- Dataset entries
== == ==

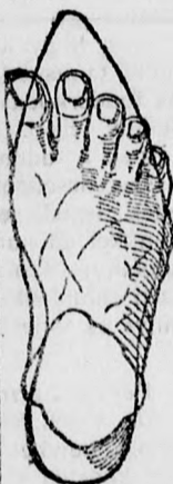
Rendes láb rossz formájú czipőben.

megtartja a láb természetes nemes alakját, úgy simul a lábhoz, mintha oda volna öntve és amellet kifogástalan eleganciájával és artósságával tűnik ki.
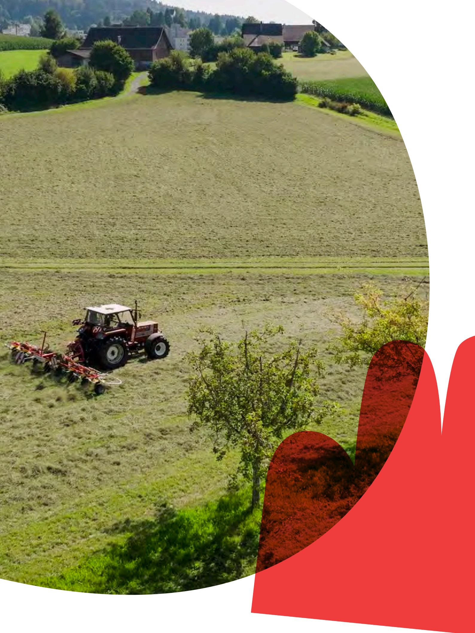
Heuernte auf dem Landwirtschaftsbetrieb Kappelhof.
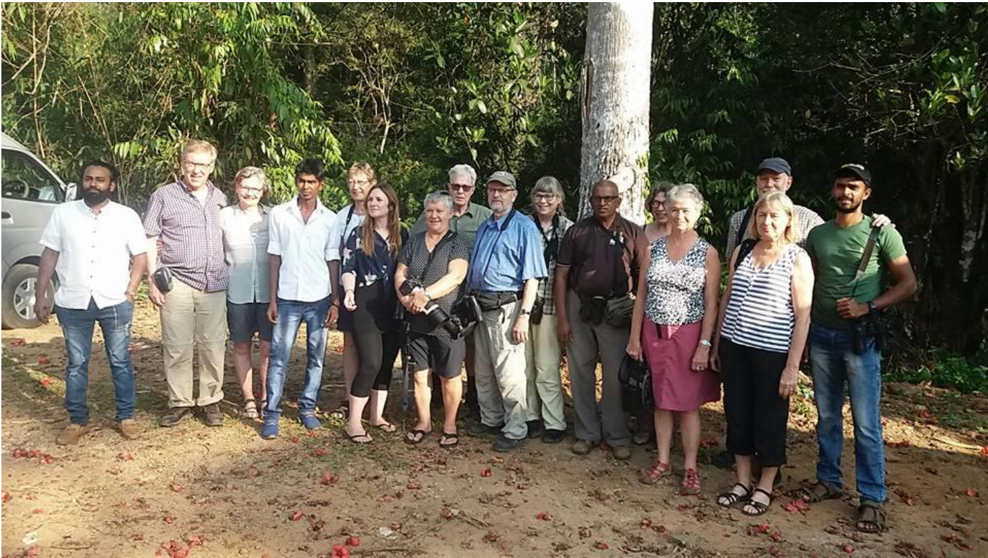
Foto: Den samlede gruppe med den faste stab
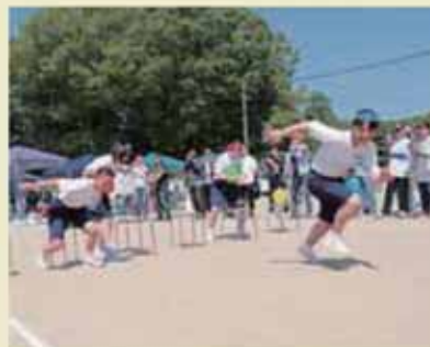
2年生障害走「ドキドキラッキーパラダイス」
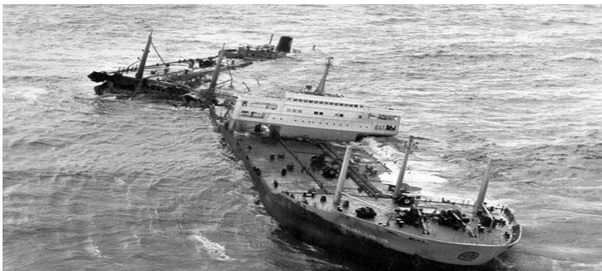
Slika 3. Nesreća tankera Torrey Canyon.

Velika ekološka nesreća se dogodila u proljeće 1967. godine, kada se tanker Torrey Canyon nasukao se prilikom ulaska u La Manche i izlio cijeli teret od 120 000 tona sirove nafte u more. To je rezultiralo najvećim incidentom zagađenja uljem ikada zabilježenim prije tog vremena. Incident je pokrenuo ozbiljna pitanja, ne samo u vezi s radnjama koje bi država mogla poduzeti kada joj prijete zagađenja uljem kao rezultat nesreće, već i u vezi s osnovom i postupcima za kompenzaciju državama ili drugim subjektima koji bi mogli pretrpjeti štetu kao posljedicu nesreće. Posebno je bila izražena zabrinutost u pogledu primjerenosti postojećeg sustava odgovornosti i naknade takve štete. [6]
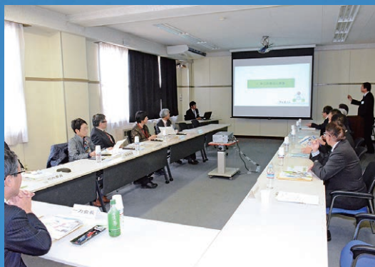
東北防衛局概況説明の様子

平成29年11月15日、平成29年度東北防衛施設地方審議会を、航空自衛隊松島基地（宮城県東松島市）において開催しました。
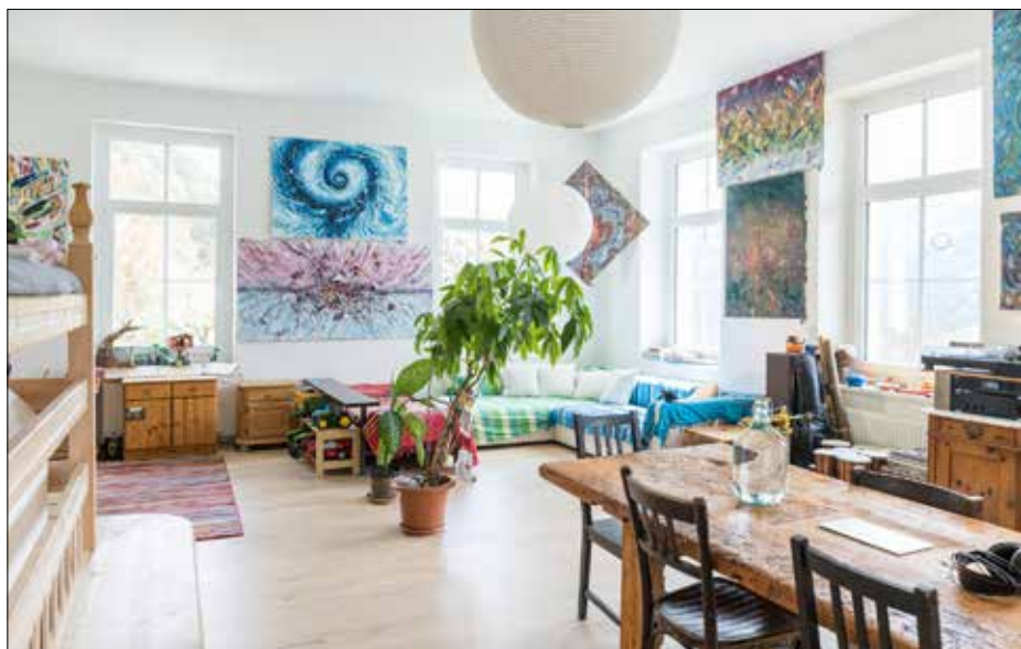
Die Werke des Aineters Künstlers werten das ehemalige Klassenzimmer im Gwabler Schulhaus auf.
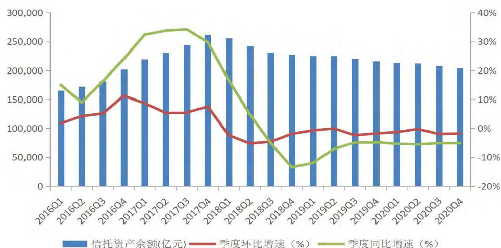
图表 3-15：2016 年以来信托资产余额及变动增速情况

从资金来源看，截至 2020 年 4 季度末，集合信托规模为 10.17 万亿元，占比 49.65%，同比上升 3.72 个百分点，比 3 季度末（49.42%）上升 0.23 个百分点。单一信托规模为 6.13 万亿元，占比 29.94%，同比下降 7.16 个百分点，比 3 季度末（33.18%）下降 3.24 个百分点。管理财产信托为 4.18 万亿元，占比 20.41%，同比上升 3.44 个百分点，比 3 季度末（17.41%）上升 3 个百分点。从资产功能划分来看，事务管理类信托为 9.19 万亿元，同比 2019 年 4 季度末 10.65 万亿元减少 1.46 万亿元，较 2017 年末历史高点 15.65 万亿元减少 6.46 万亿元；业务占比为 44.84%，同比 2019 年 4 季度末 49.30%下降 4.46 个百分点。压降的事务管理类中的绝大多数是以监管套利、隐匿风险为特征的金融同业通道业务。按照监管部门要求，事务管理类业务量与占比一直不断下降，金融机构之间多层嵌套、资金空转现象明显减少。
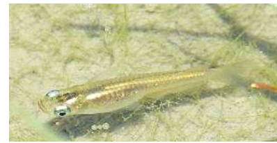
めだかも活発に泳ぎだします
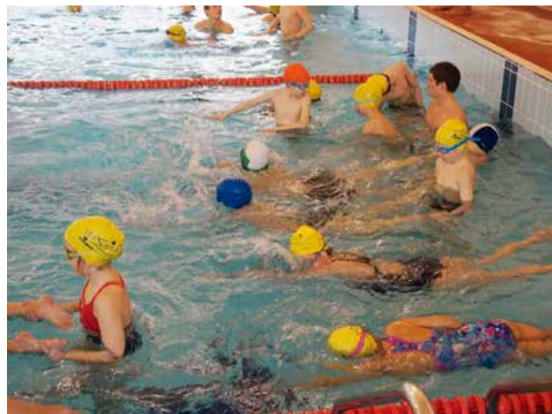
Дети в бассейне

И еще кое-что. Тест, описанный во вступлении к данной статье, рекомендую попробовать выполнить и взрослым. Если не справитесь, следует серьезно задуматься. В Эстонии каждый человек должен уметь плавать – мы ведь морская держава и страна с более чем тысячей внутренних водоемов.
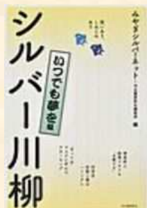
▲『シルバー川柳 いつでも夢を編』 みやぎシルバーネット、河出書房新社編集部/編 河出書房新社
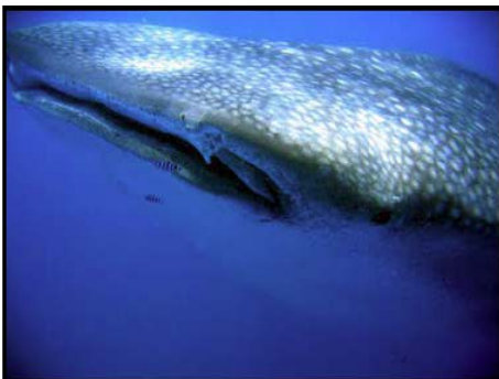
Walhai und Pilotfisch
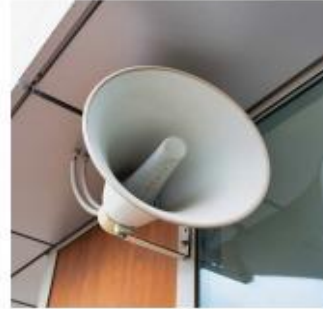
loa báo cháy
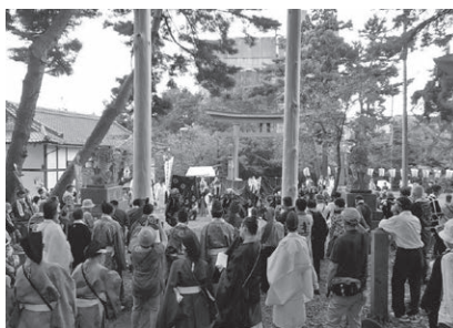
健御名方富命彦神別神社の御柱
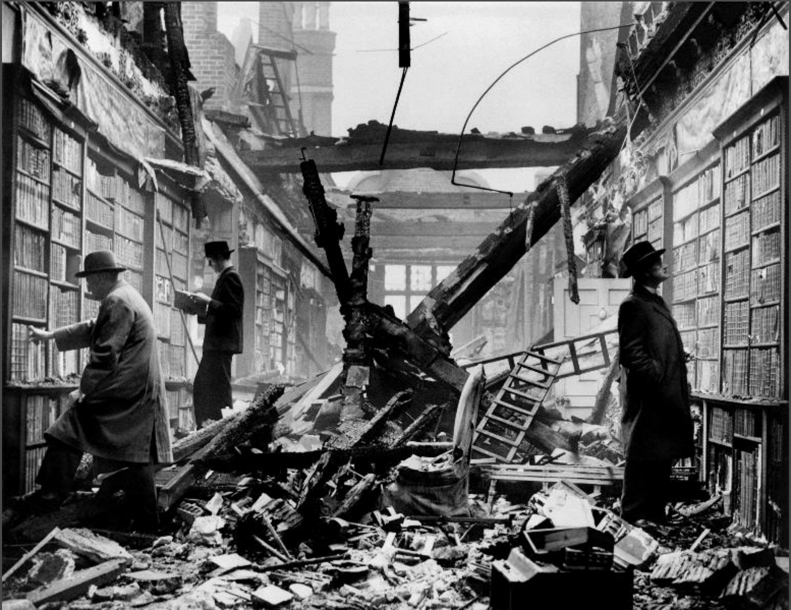
Restos de la Holland House Library (Londres), tras sufrir un bombardeo en 1940.
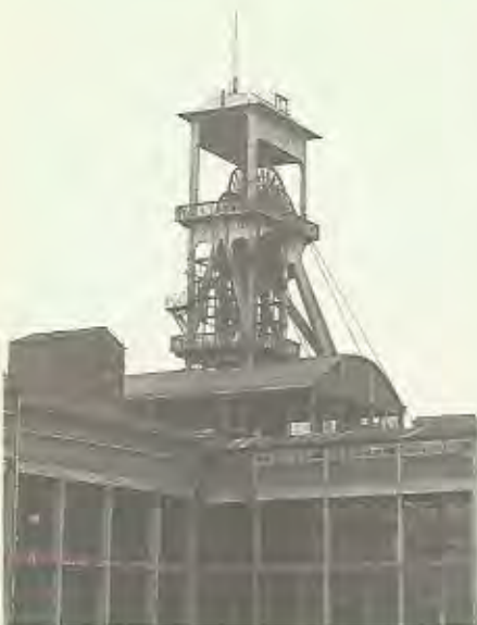
Eisden: de bediende betonnen schachtbok

Van de beloofde beschermingen is intussen weinig merkbaar en wij vrezen dat ook de beloofde museumprojecten in de gekende diepvriezers terecht kwamen.
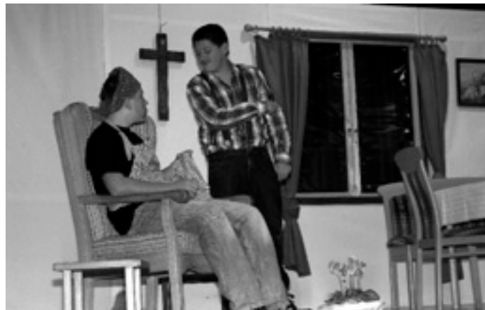
Theater um »Des bissle Haushalt« gab es von »D'Vorhanggucker«. Die Jungdarsteller waren voll bei der Sache.
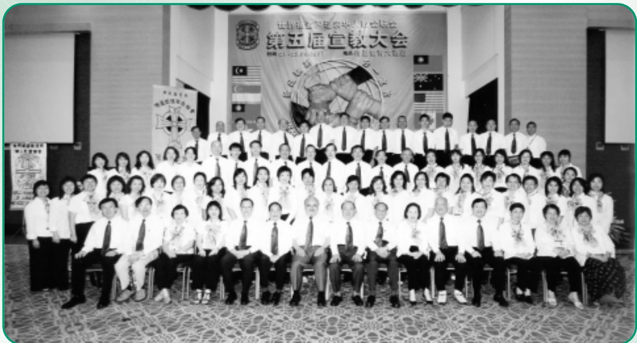
本會全體與會者合照
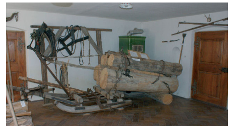
Forstwirtschaft: Baumschlitten

== == ==

- Your task
Retype the records above exactly, pictures omitted.

- Result of this exercise
Rendes láb rossz formájú czipőben.

megtartja a láb természetes nemes alakját, úgy simul a lábhoz, mintha oda volna öntve és amellet kifogástalan eleganciájával és artósságával tűnik ki.
Heuernte auf dem Landwirtschaftsbetrieb Kappelhof.
Foto: Den samlede gruppe med den faste stab
2年生障害走「ドキドキラッキーパラダイス」
Slika 3. Nesreća tankera Torrey Canyon.

Velika ekološka nesreća se dogodila u proljeće 1967. godine, kada se tanker Torrey Canyon nasukao se prilikom ulaska u La Manche i izlio cijeli teret od 120 000 tona sirove nafte u more. To je rezultiralo najvećim incidentom zagađenja uljem ikada zabilježenim prije tog vremena. Incident je pokrenuo ozbiljna pitanja, ne samo u vezi s radnjama koje bi država mogla poduzeti kada joj prijete zagađenja uljem kao rezultat nesreće, već i u vezi s osnovom i postupcima za kompenzaciju državama ili drugim subjektima koji bi mogli pretrpjeti štetu kao posljedicu nesreće. Posebno je bila izražena zabrinutost u pogledu primjerenosti postojećeg sustava odgovornosti i naknade takve štete. [6]
東北防衛局概況説明の様子

平成29年11月15日、平成29年度東北防衛施設地方審議会を、航空自衛隊松島基地（宮城県東松島市）において開催しました。
Die Werke des Aineters Künstlers werten das ehemalige Klassenzimmer im Gwabler Schulhaus auf.
图表 3-15：2016 年以来信托资产余额及变动增速情况

从资金来源看，截至 2020 年 4 季度末，集合信托规模为 10.17 万亿元，占比 49.65%，同比上升 3.72 个百分点，比 3 季度末（49.42%）上升 0.23 个百分点。单一信托规模为 6.13 万亿元，占比 29.94%，同比下降 7.16 个百分点，比 3 季度末（33.18%）下降 3.24 个百分点。管理财产信托为 4.18 万亿元，占比 20.41%，同比上升 3.44 个百分点，比 3 季度末（17.41%）上升 3 个百分点。从资产功能划分来看，事务管理类信托为 9.19 万亿元，同比 2019 年 4 季度末 10.65 万亿元减少 1.46 万亿元，较 2017 年末历史高点 15.65 万亿元减少 6.46 万亿元；业务占比为 44.84%，同比 2019 年 4 季度末 49.30%下降 4.46 个百分点。压降的事务管理类中的绝大多数是以监管套利、隐匿风险为特征的金融同业通道业务。按照监管部门要求，事务管理类业务量与占比一直不断下降，金融机构之间多层嵌套、资金空转现象明显减少。
めだかも活発に泳ぎだします
Дети в бассейне

И еще кое-что. Тест, описанный во вступлении к данной статье, рекомендую попробовать выполнить и взрослым. Если не справитесь, следует серьезно задуматься. В Эстонии каждый человек должен уметь плавать – мы ведь морская держава и страна с более чем тысячей внутренних водоемов.
▲『シルバー川柳 いつでも夢を編』 みやぎシルバーネット、河出書房新社編集部/編 河出書房新社
Walhai und Pilotfisch
loa báo cháy
健御名方富命彦神別神社の御柱
Restos de la Holland House Library (Londres), tras sufrir un bombardeo en 1940.
Eisden: de bediende betonnen schachtbok

Van de beloofde beschermingen is intussen weinig merkbaar en wij vrezen dat ook de beloofde museumprojecten in de gekende diepvriezers terecht kwamen.
Theater um »Des bissle Haushalt« gab es von »D'Vorhanggucker«. Die Jungdarsteller waren voll bei der Sache.
本會全體與會者合照
Forstwirtschaft: Baumschlitten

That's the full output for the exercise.